受付のところに行ったが、セルフレジのため誰もいなかった。
都合のいい言い訳を見つけた僕は、いないなら仕方ないと会員カードを出して客として利用しようと思い操作していたら、ドアから店員が出てきた。
とっさに声が出ず固まっていたら、引き返して中に入って行ってしまった。
おそらく面接に来ているかどうか確認しに来たのだろう。
ここで話しかけるべきだったが、客として機械を操作している僕が面接に来ましたと言うのも変だと思い、何も言えなかった。
利用するときに、名前で面接に来る予定の人だという事がバレて、問い詰められるのが怖くて、利用せずに帰路についた。

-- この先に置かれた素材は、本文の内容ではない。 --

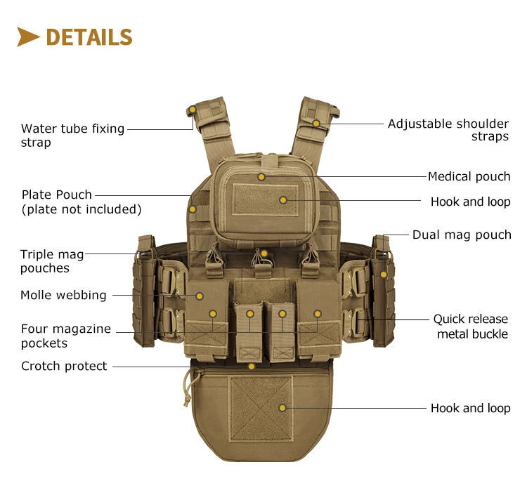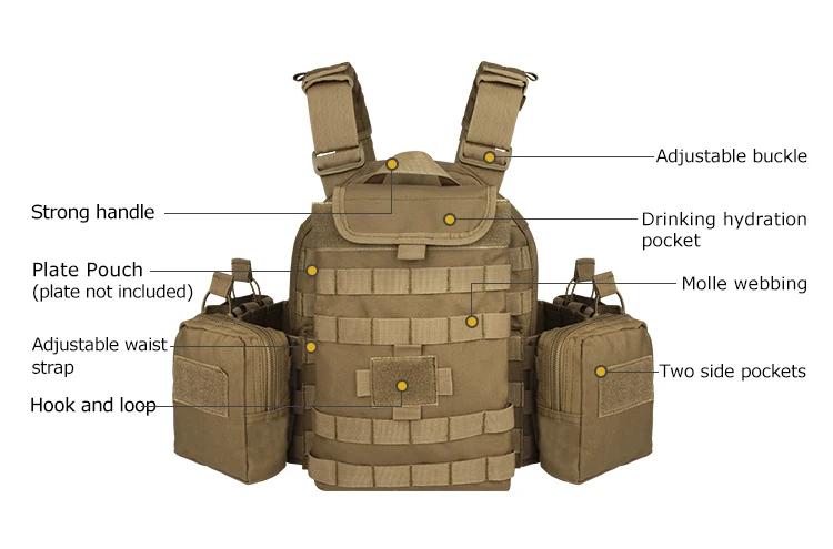 Yakeda-Chaleco de combate de entrenamiento táctico, portador de placa táctica al aire libre, Modular, multifuncional, Molle de nailon, CS, 1000D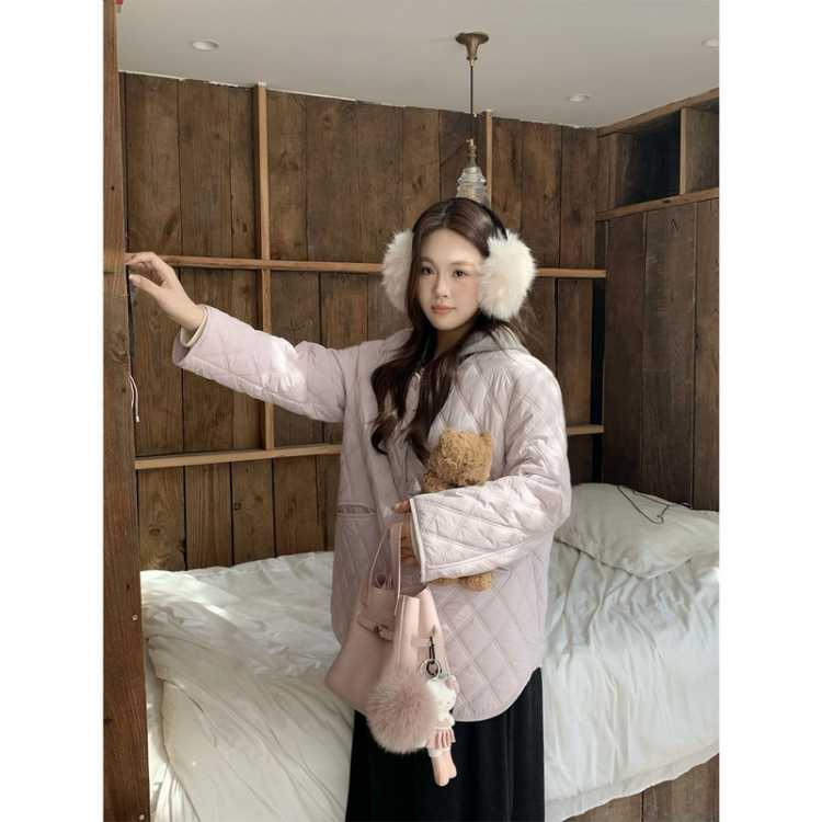 大婉酱 微胖大码女款时尚菱格夹棉外套宽松百搭显瘦轻薄棉衣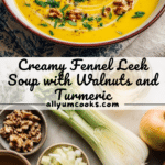 This vibrant Fennel Leek Soup with Walnuts & Turmeric is a comforting, creamy vegetable soup packed with subtle sweetness from apples, earthy warmth from turmeric, and a delightful crunch from toasted walnuts. Perfect for a nutritious lunch or light dinner, this easy-to-make soup uses simple ingredients blended to smooth perfection and garnished with fresh fennel fronds, maple syrup, and extra walnuts for added texture and flavor.

帰り道で、もう一生働くことができないと悟り、目に涙が浮かんだ。
働いて途中でやめるのではなく、その前の面接すら行けない。
絶望的な気持ちになり、もう死ぬ以外に選択肢はないと思った。
一生働けないことがわかった
一度壊れてしまった心は、もう二度と元通りになることはない。
どれだけ努力して、変わりたいと願っても無駄である。
心が壊れないようにするのが大事であって、壊れたら何もかもおしまいだ。
これだけ環境が整えられ、あとは僕が勇気を出して頑張るだけだったが、結局以前と何も変わらぬまま時は過ぎ、同じ結果になってしまった。
いくら薬を飲もうが無意味。
逃げ癖が体中に根を張っているから、もう変われない。
何をやっても無駄。
未来に期待なんかするんじゃなかった。
どうせ何やっても同じことの繰り返しなんだから。
労働はおろか、面接にすら行けない人間が生き残れるほど甘い世の中じゃない。
もうそろそろ引き際なのだろう。
これからどうするかはわからない。
するべきことが何にも思い浮かばない。
今はただ、涙をこらえながら布団の中で浅い呼吸をすることで精いっぱいだ。